DOI: https://doi.org/10.1017/ice.2023.13 [Opens in a new window]
Copyright: © The Author(s), 2023. Published by Cambridge University Press on behalf of The Society for Healthcare Epidemiology of America

Long-term central venous catheters (LT-CVC) are important tools in the management of cancer patients.^{Reference Lebeaux, Fernández-Hidalgo and Chauhan1} It has been well established that LT-CVCs have lower infection rates compared to short-term central venous catheters. However, LT-CVC–associated infections have high morbidity and mortality and often lead to delays in oncological therapy.^{Reference Pinelli, Cecero and Degl’Innocenti2}

Reported rates of bloodstream infection (BSI) associated with LT-CVC are between 0.2 and 2.8 per 1,000 catheter days. However, published data are heterogeneous regarding the denominator used (catheter days or days of use of the catheter), the follow-up period, surveillance methods, and the definitions used to identify these infections.^{Reference Touré, Vanhems and Lombard-Bohas3–Reference Wang, Der and Chen9}

Although LT-CVC BSIs have a huge impact on cancer patients, few studies have investigated strategies for the identification and surveillance of these infections.

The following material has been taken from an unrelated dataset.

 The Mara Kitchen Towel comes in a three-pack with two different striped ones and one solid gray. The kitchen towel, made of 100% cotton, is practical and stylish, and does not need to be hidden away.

Most criteria are derived from the experience with surveillance of short-term central lines.

One of the most important pitfalls for surveillance of infections associated with LT-CVC is that most of these infections occur in outpatients under chemotherapy because most patients are not hospitalized during treatment. Outpatient infection surveillance adds difficulty to the identification of infections and to obtaining reliable denominators.

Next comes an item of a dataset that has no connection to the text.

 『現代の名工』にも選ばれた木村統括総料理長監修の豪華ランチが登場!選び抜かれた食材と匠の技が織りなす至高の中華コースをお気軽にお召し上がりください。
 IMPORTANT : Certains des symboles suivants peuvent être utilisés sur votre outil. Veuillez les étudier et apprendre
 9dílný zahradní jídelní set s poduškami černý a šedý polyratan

In that way, identifying surveillance methods that are suitable for this population is necessary and will be the first step toward understanding the epidemiology of LT-CVC infections, creating a benchmark, and designing prevention strategies.

In this study, we describe the first results of a surveillance system for infections associated with LT-CVC in patients under outpatient chemotherapy. We evaluated the application of BSI definitions in this population and correlated high BSI rates with service characteristics.

Methods

In this prospective study, we described the first results after the implementation of a surveillance system for BSIs associated with totally implantable venous access ports and semi-implantable catheters in patients under treatment and follow-up at outpatient chemotherapy clinics.

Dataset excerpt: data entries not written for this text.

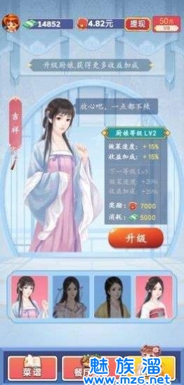 聘请厨师进行工作,手艺随着等级的提升增加,得到的食物更加优质。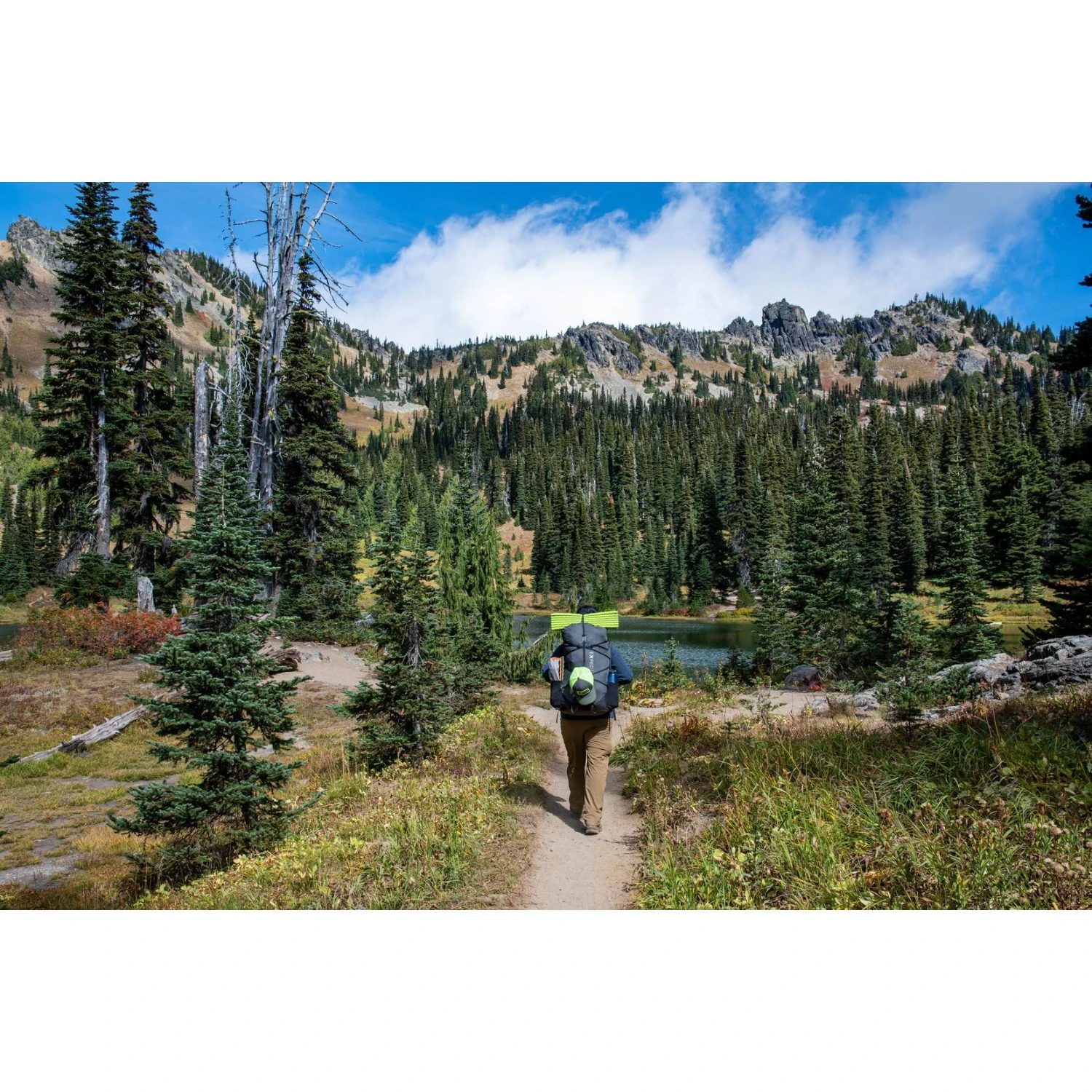 The fully adjustable carrying system with minimal contact points and aluminum bar is height adjustable and can be easily adjusted to fit your back length. A padded hip belt provides further carrying comfort. The extremely lightweight material is water repellent and PFC-free.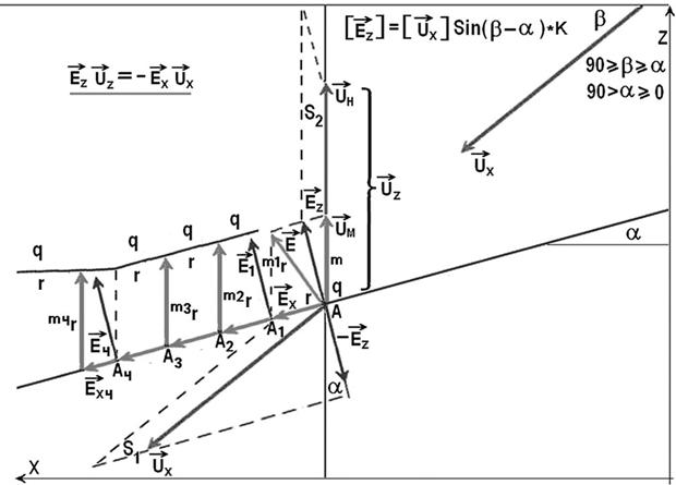 Выберем точку Ах на дне бассейна, которая расположена на стыке зон накопления осадков типа q и типа r, рис. 3.1. Теперь величина Ux становится конкретным вектором Ūх и его начало может быть совмещено с точкой Ах. В соотношении (3.5) все величины, если они относятся к точке Ах, становятся векторными и приобретают вполне конкретный смысл. Скорость накопления толщины осадка в этой точке есть вектор Ēz, его значение задаёт вектор Ūх со своим углом наклона к горизонту - β, и уголом наклона дна бассейна - α: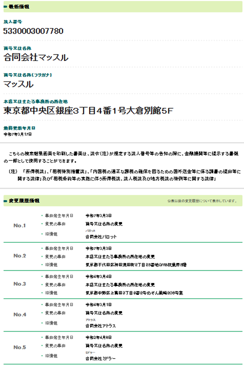 気になる点としてはこの「合同会社マッスル」は過去に何度も本社の移転や社名変更を繰り返しており、「合同会社マッスル」の過去の社名である「合同会社アトラス」は過去に検証した「LAP競馬」と同じ、その後に社名変更した「合同会社バロット」は「うまマル」という競馬予想サイトと同じ運営会社のようでした。

The study started in April 2019 and rates were consistently reported and analyzed from January 2020 to May 2021, initially including 6 outpatient clinics located in hospitals with intense activity in cancer care. After January 2021, 2 other clinics were added to the surveillance project. The infection control services of these hospitals were invited to participate in this study by the Division of Infection Control of the State of São Paulo Surveillance Agency (CVE-SP).

An initial questionnaire was answered by the hospitals to characterize their infection control department, cancer service, and to describe infection surveillance systems already used for outpatient cancer patients. Subsequently, regular meetings including the representatives of the services occurred to discuss and define the best infection surveillance strategies in outpatient chemotherapy clinics.

A working manual with the surveillance method and criteria for defining infections was written and approved by all the members of the group. We developed an Excel spreadsheet for denominators and numerators and another Excel spreadsheet for the description of the infections. Starting in January 2020, all clinics reported their rates monthly to the government agency (CVE-SP) (Fig. 1).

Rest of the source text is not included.